Data items

- - - - -

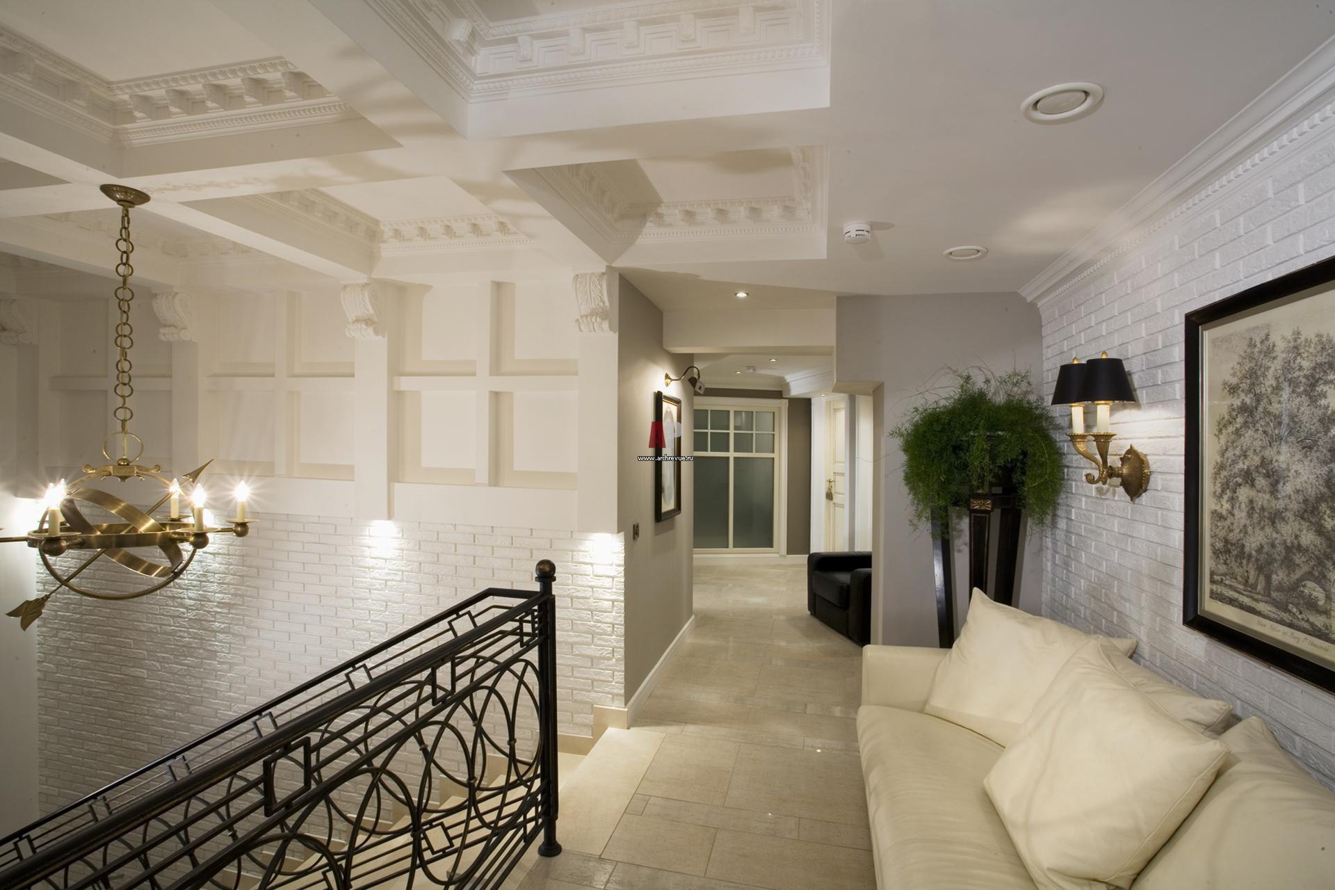 Расслабляющую обстановку создают детали: мебель из белой кожи, потолочная лепнина, белая настенная плитка «под кирпич» и напольный керамогранит сложного бежево-серого оттенка, поставщик «Керамос».
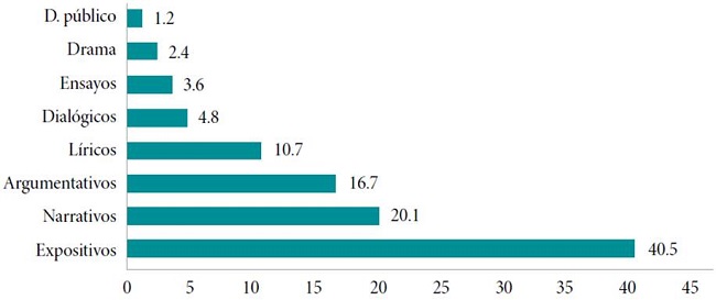 La primera mayoría corresponde a expositivos (40.5 por ciento); la segunda, a los narrativos (20.1 por ciento) y la tercera, a los argumentativos (16.7 por ciento). Lírica, diálogo, ensayo, drama y discurso enunciado en situación pública son minoritarios.
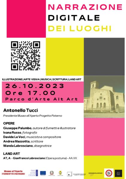 “L’ Associazione Progetto Paterno, curatrice del Museo all’Aperto accreditato dal Ministero della Cultura e riconosciuto dal Sistema Museale Nazionale, presenterà al pubblico le opere artistiche realizzate nell’ambito del progetto Narrazione digitale dei luoghi.
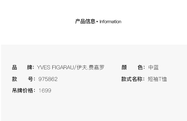 YvesFigarau伊夫·费嘉罗新品休闲短袖T恤975862
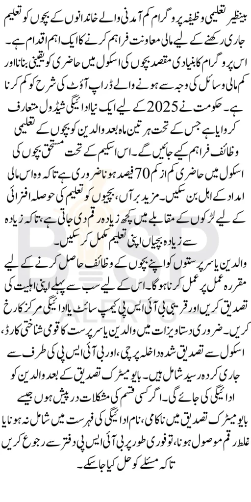 The Benazir Taleemi Wazaif Program is a financial assistance initiative under the Benazir Income Support Program The primary goal is to support low-income families by providing cash stipends to children enrolled in schools. Here’s how the program works:
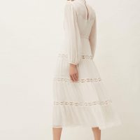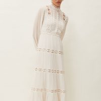 It was love at first sight. Our beautiful Amberlee dress is full of feminine details and charm. Cut to a universally flattering midi length, this style features delicate cutwork borders through the skirt and bodice, and is framed by long semi-sheer blouson sleeves and a high neckline. This dress is perfect for wedding guests, garden parties or even for the modern bride who wants to wear something a little different for her big day.

- - - - -

DIRECTIONS =
What you return must match, character for character, the lines above from the one with "digitale dei luoghi." through the one with "YvesFigarau伊夫·费嘉罗新品休闲短袖T恤975862", minus any pictures.

ANSWER SECTION =
 “L’ Associazione Progetto Paterno, curatrice del Museo all’Aperto accreditato dal Ministero della Cultura e riconosciuto dal Sistema Museale Nazionale, presenterà al pubblico le opere artistiche realizzate nell’ambito del progetto Narrazione digitale dei luoghi.
 YvesFigarau伊夫·费嘉罗新品休闲短袖T恤975862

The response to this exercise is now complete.